Whatever pictures the entries hold, omit them, and output exactly the lines from the one containing "Fleetguard® AF25552 premium" through the final line.

> _Dataset items_:

★ ★ ★ ★

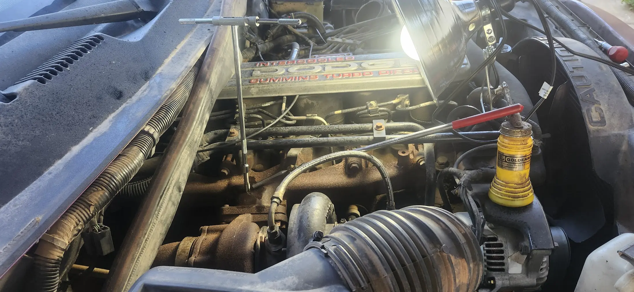 I strongly would recommend removing the intake horn. Four bolts on the intake, one bolt for the dipstick, and loosen the clamp holding on the intake pipe. All 10mm bolts. 18 ft-lbs of torque.
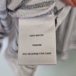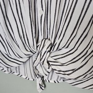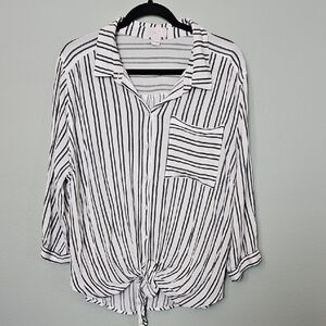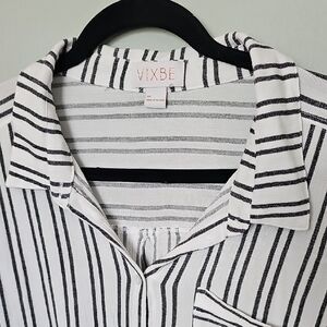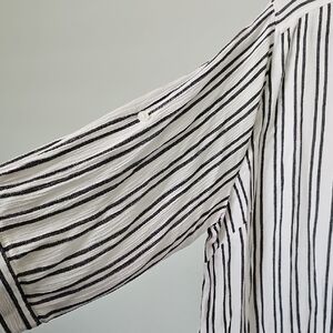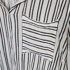Chic faded black and white stripes. Button-down style with front pocket. Casual and versatile. Lightweight, gauze fabric feel. Airy and comfortable. Roll tab sleeves. 3/4 sleeves. Can be dressed up for the office or worn more casually for the weekends. Has a collar. Lightly sheer. Spring, Summer, work, office, career, brunch, hangout, boho, grunge, laid back, relaxed, curvy, plus, neutral, feminine, girly, workplace. There is a run across the upper back, see close up.
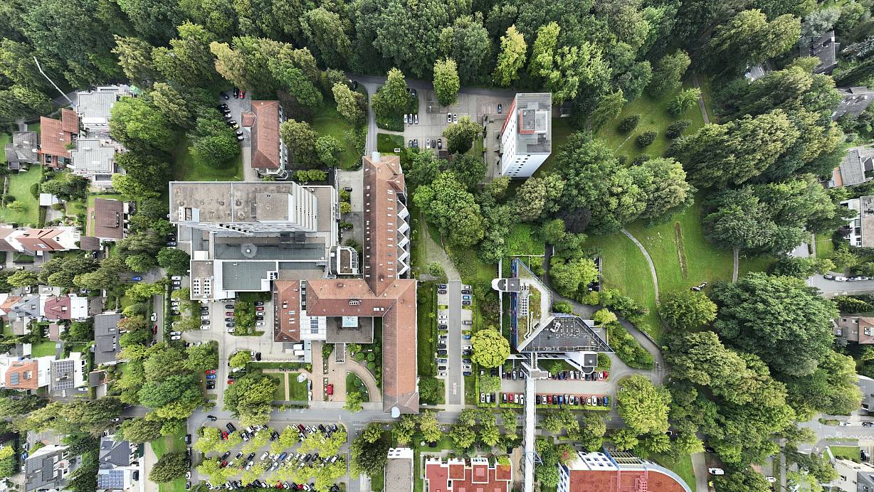 Wenn die Mühlenkreiskliniken ihre Pläne zur Umstrukturierung der Kliniklandschaft umsetzen, wird das Herz- und Diabeteszentrum voraussichtlich eine Geburtsklinik unmitelbar neben der Kinderherzklinik (rechts mit rot markiertem Dach) bauen. Dafür müsste wahrscheinlich die Kita Rappelkiste (links daneben) weichen und an anderer Stelle neu gebaut werden. Links oberhalb der Rappelkiste steht das Krankenhaus. | © THORSTEN ULONSKA
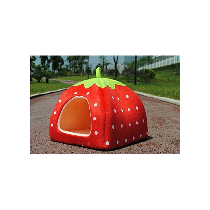 원본상품명:【ノ?ブランド品】全5カラ? 小型犬 猫 小動物 兼用 いちご型 ふかふかハウス ベッド ソファ TWOWAY
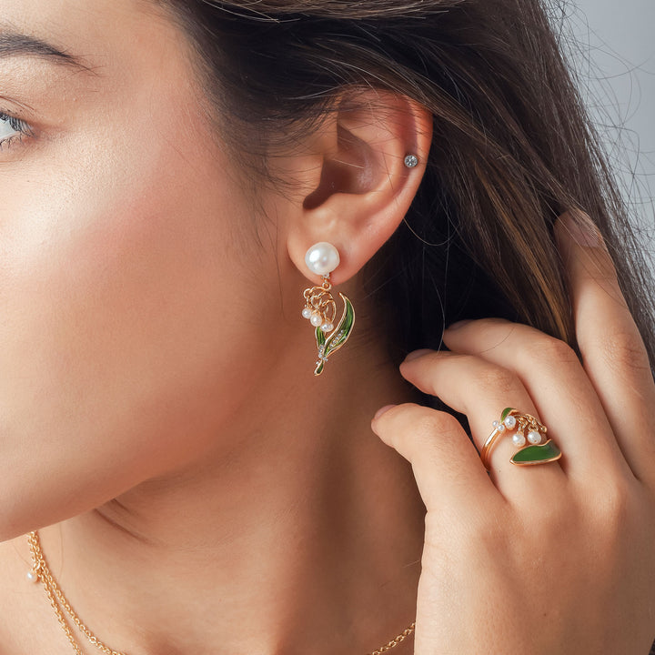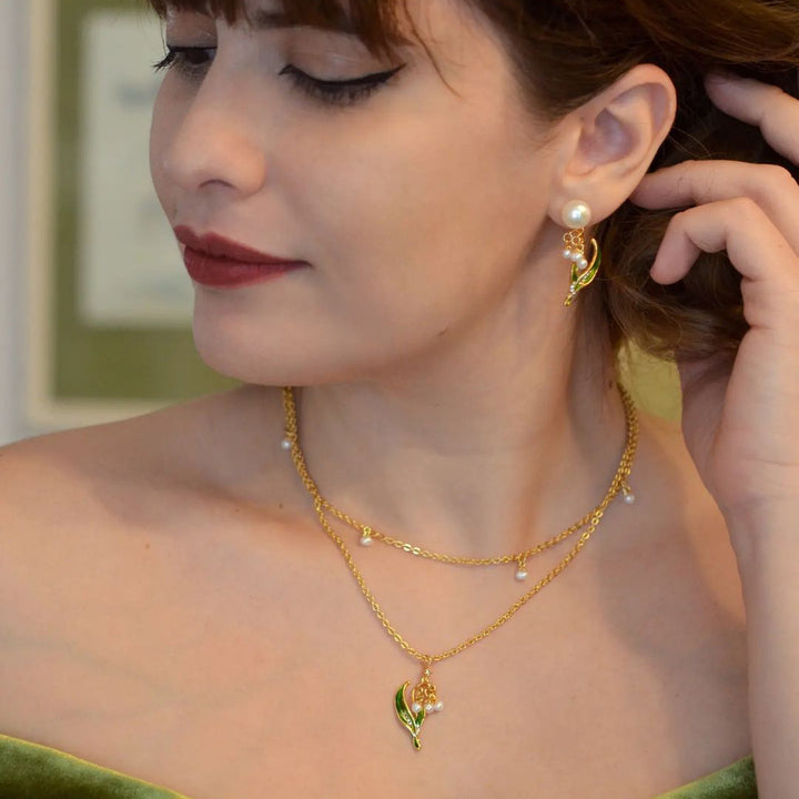 Élevez votre style avec ces boucles d'oreilles en émail de l'émail de la vallée. Parfaitement fabriqué pour présenter des tons délicats de vert et de blanc, ce design élégant ajoutera une touche florale chic à n'importe quelle tenue. Apportez une touche de sophistication et de luxe à votre collection de bijoux avec cette pièce intemporelle.>>Voir Plus Muguet Bijoux Collection.
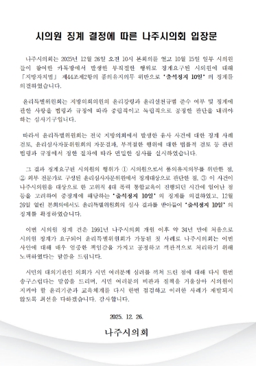 [파이낸셜경제=김예빈 기자] 나주시의회는 2025년 12월 26일 오전 10시 본회의를 열고, 10월 15일 일부 시의원들이 참여한 카톡방에서 발생한 부적절한 행위로 징계요구된 시의원에 대해 '지방자치법' 제44조제2항의 품의유지의무 위반으로 ‘출석정지 10일’의 징계를 의결하고 입장문을 발표했다.
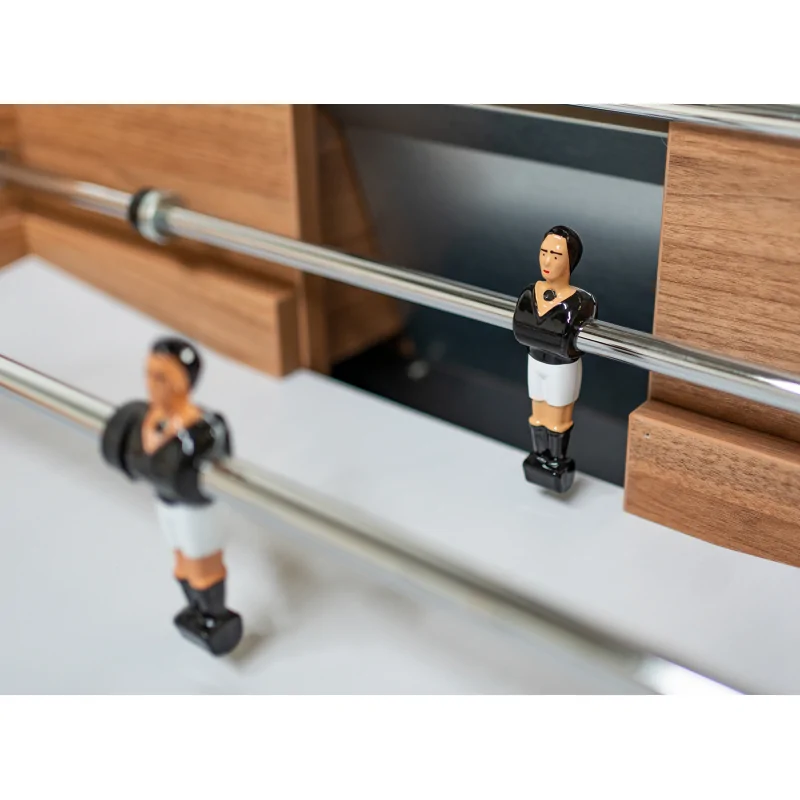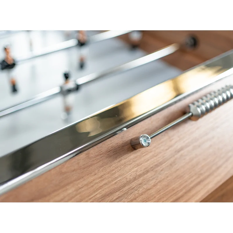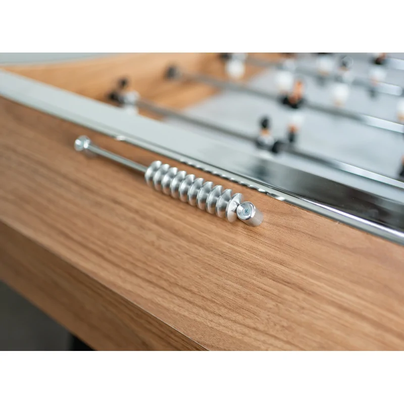 Sa structure en bois MDF haute densité assure une stabilité parfaite et une longévité exceptionnelle, même après des années d'utilisation. Les barres télescopiques en acier chromé, à la fois solides et légères, permettent des mouvements précis et souples. Quant aux joueurs en aluminium, ils allient résistance et élégance, offrant un confort de jeu optimal.
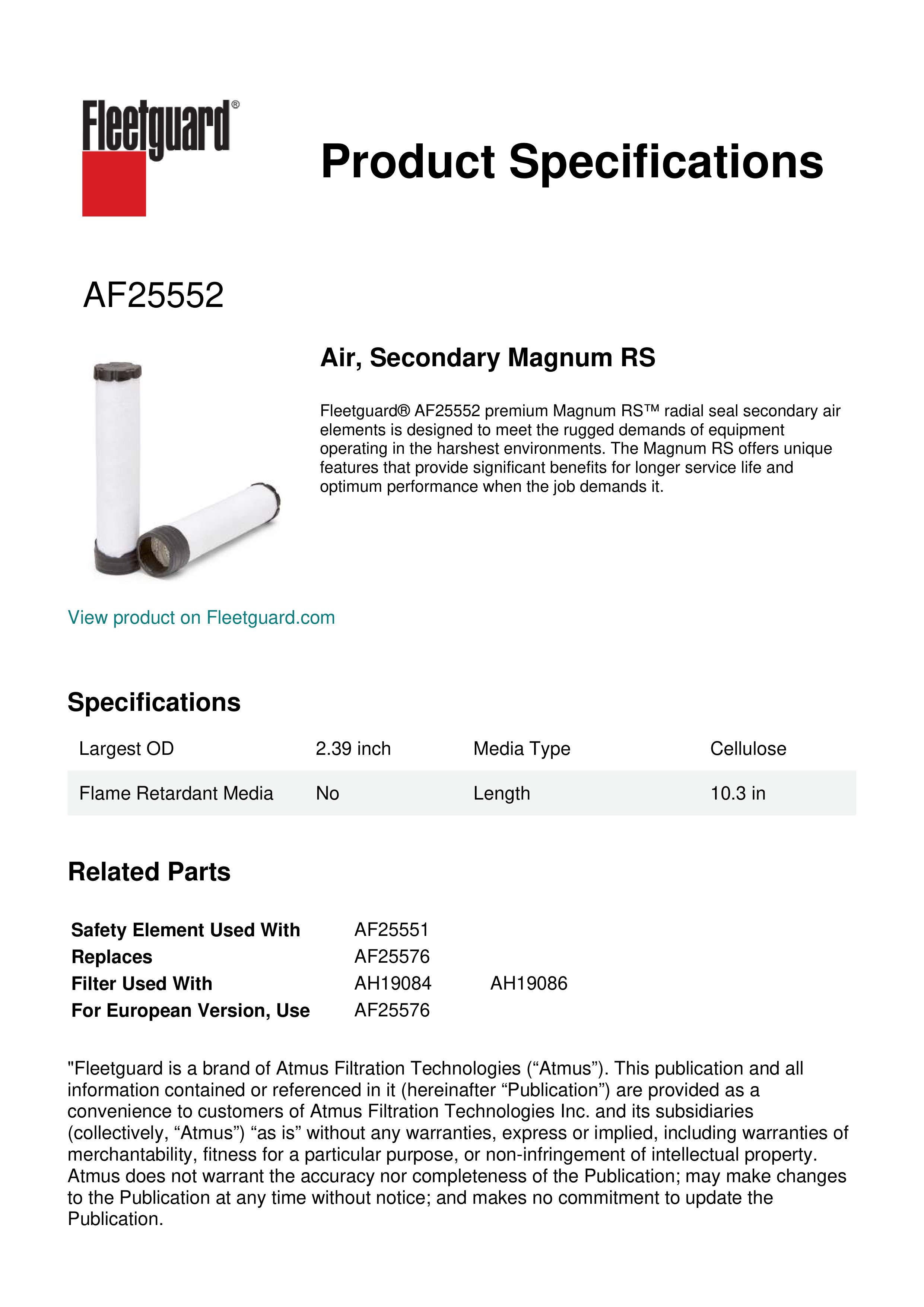 Fleetguard® AF25552 premium Magnum RS™ radial seal secondary air elements is designed to meet the rugged demands of equipment operating in the harshest environments. The Magnum RS offers unique features that provide significant benefits for longer service life and optimum performance when the job demands it.Specification
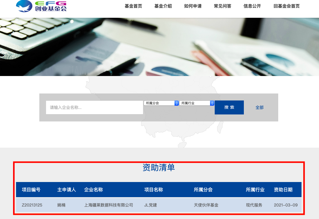 疆莱数据成功获得上海市大学生科技创业基金会“天使伙伴基金”

★ ★ ★ ★

> _WRITTEN SOLUTION_:
 Fleetguard® AF25552 premium Magnum RS™ radial seal secondary air elements is designed to meet the rugged demands of equipment operating in the harshest environments. The Magnum RS offers unique features that provide significant benefits for longer service life and optimum performance when the job demands it.Specification
 疆莱数据成功获得上海市大学生科技创业基金会“天使伙伴基金”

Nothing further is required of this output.